◆ **HOW TO COMPLETE THIS TASK**
The answer must consist solely of the lines from the one containing "悟思想 守纪律 强党性" through the last line of the records below, repeated exactly, with all pictures omitted.

[Source records]

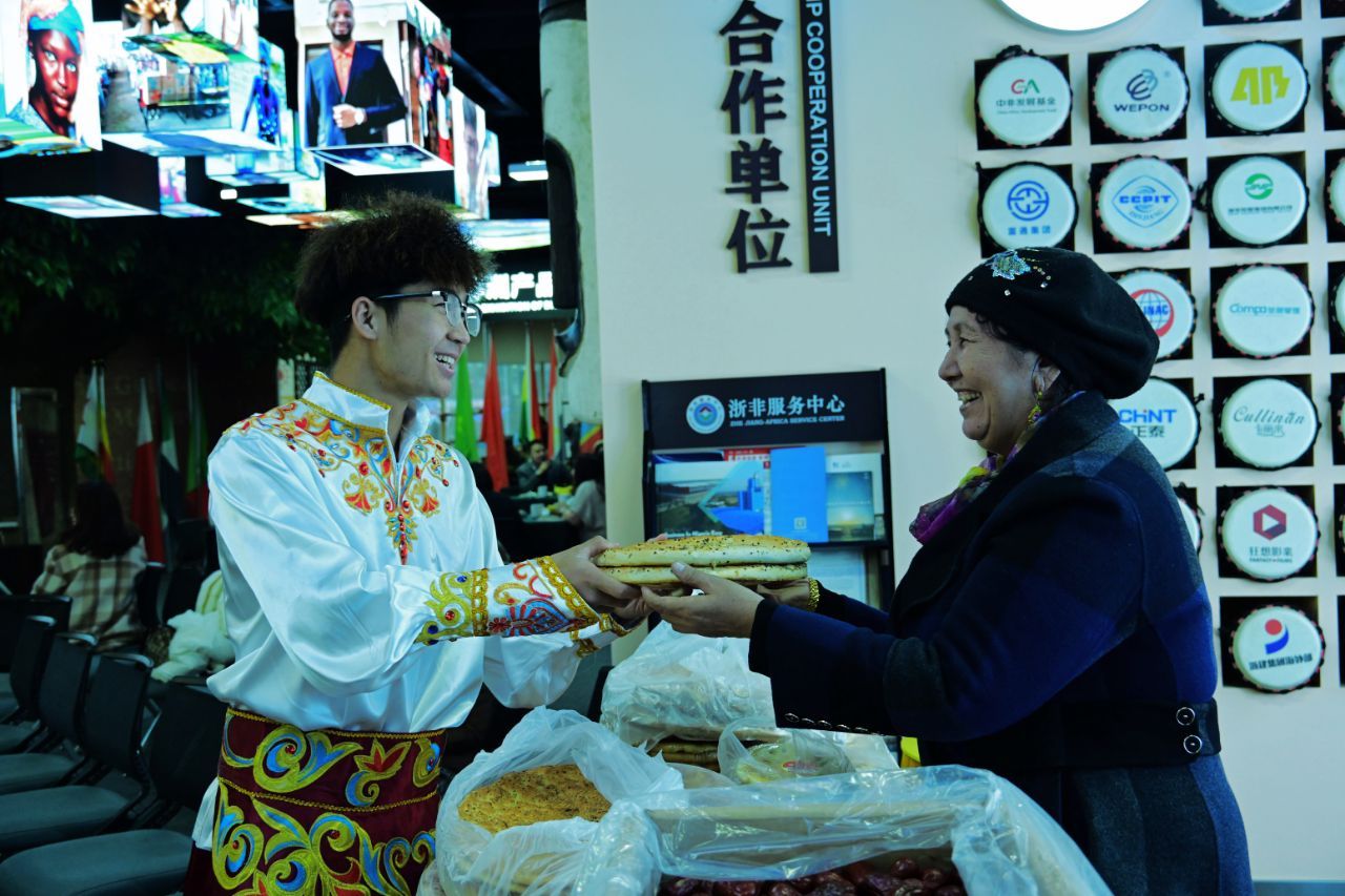 “创业引领未来,创业成就梦想”,节目表演结束之后,创业导师们开始倾囊相授创业经验,我校多民族学生们仔细聆听,认真学习。此外,学生还积极体验非遗文化活动。浙江省级非遗蓝印花布印染技艺传承人朱红芳老师在现场为我校学生讲解扎染的工艺并亲自示范如何扎染,“卷上绞”晕色丰富,变化自然,趣味无穷。
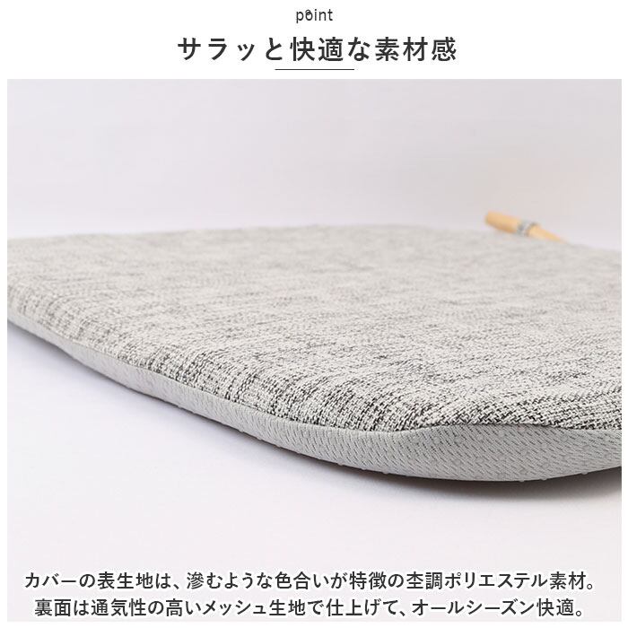 ・カバーの表生地は、滲むような色合いが特徴の杢調ポリエステル素材。裏面は通気性の高いメッシュ生地で仕上げて、オールシーズン快適。
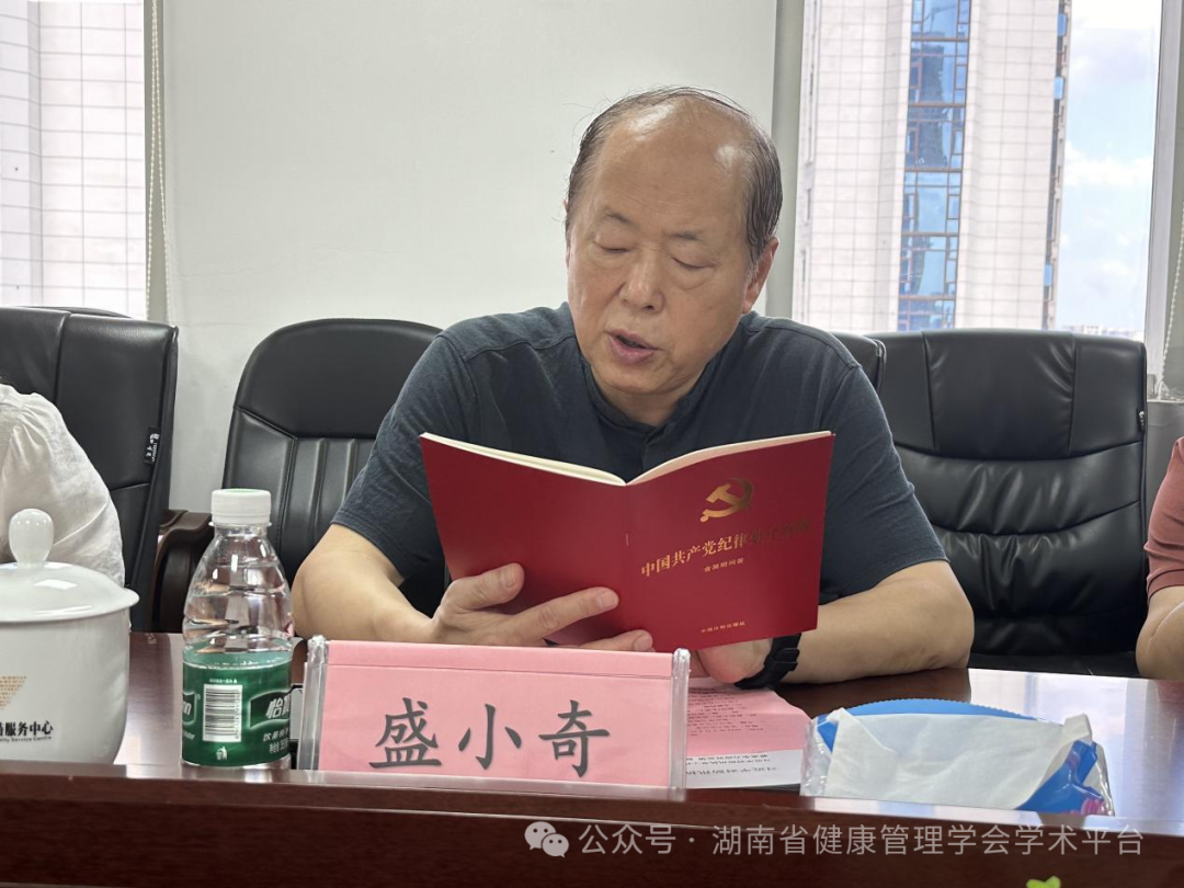 2024年7月4日下午,为深入学习贯彻总书记关于党纪学习教育的重要指示精神,全面贯彻党的二十大精神和二十届中央纪委三次全会精神,教育引导广大党员干部坚定拥护“两个确立”、坚决做到“两个维护”,持续强化广大党员干部党性修养和法纪意识。湖南省健康管理学会党支部开展了主题为“学条例 悟思想 守纪律 强党性 ”的书记讲党课活动。此次活动旨在通过系统的理论学习,引导党员干部坚定理想信念,增强党性观念。湖南省健康管理学会党支部书记副会长盛小奇、副会长兼秘书长易致远、党支部成员和秘书处工作人员参加学习。
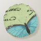 Blue-Winged Butterfly on Teal Postcard Round Pillow
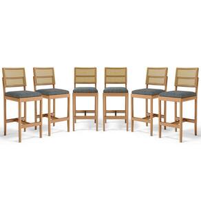 Madeira-MadeiraKit Com 6 Banqueta Milena Madeira Maciça Assento Estofado Encosto De Tela Palha Sextavada Courino Preto 503 - Banquetas Banquinhos Em Madeira Maciça Encosto De Tela Palha Sextavada

◆ **SOLUTION FOR THIS EXERCISE**
 2024年7月4日下午,为深入学习贯彻总书记关于党纪学习教育的重要指示精神,全面贯彻党的二十大精神和二十届中央纪委三次全会精神,教育引导广大党员干部坚定拥护“两个确立”、坚决做到“两个维护”,持续强化广大党员干部党性修养和法纪意识。湖南省健康管理学会党支部开展了主题为“学条例 悟思想 守纪律 强党性 ”的书记讲党课活动。此次活动旨在通过系统的理论学习,引导党员干部坚定理想信念,增强党性观念。湖南省健康管理学会党支部书记副会长盛小奇、副会长兼秘书长易致远、党支部成员和秘书处工作人员参加学习。
 Blue-Winged Butterfly on Teal Postcard Round Pillow
 Madeira-MadeiraKit Com 6 Banqueta Milena Madeira Maciça Assento Estofado Encosto De Tela Palha Sextavada Courino Preto 503 - Banquetas Banquinhos Em Madeira Maciça Encosto De Tela Palha Sextavada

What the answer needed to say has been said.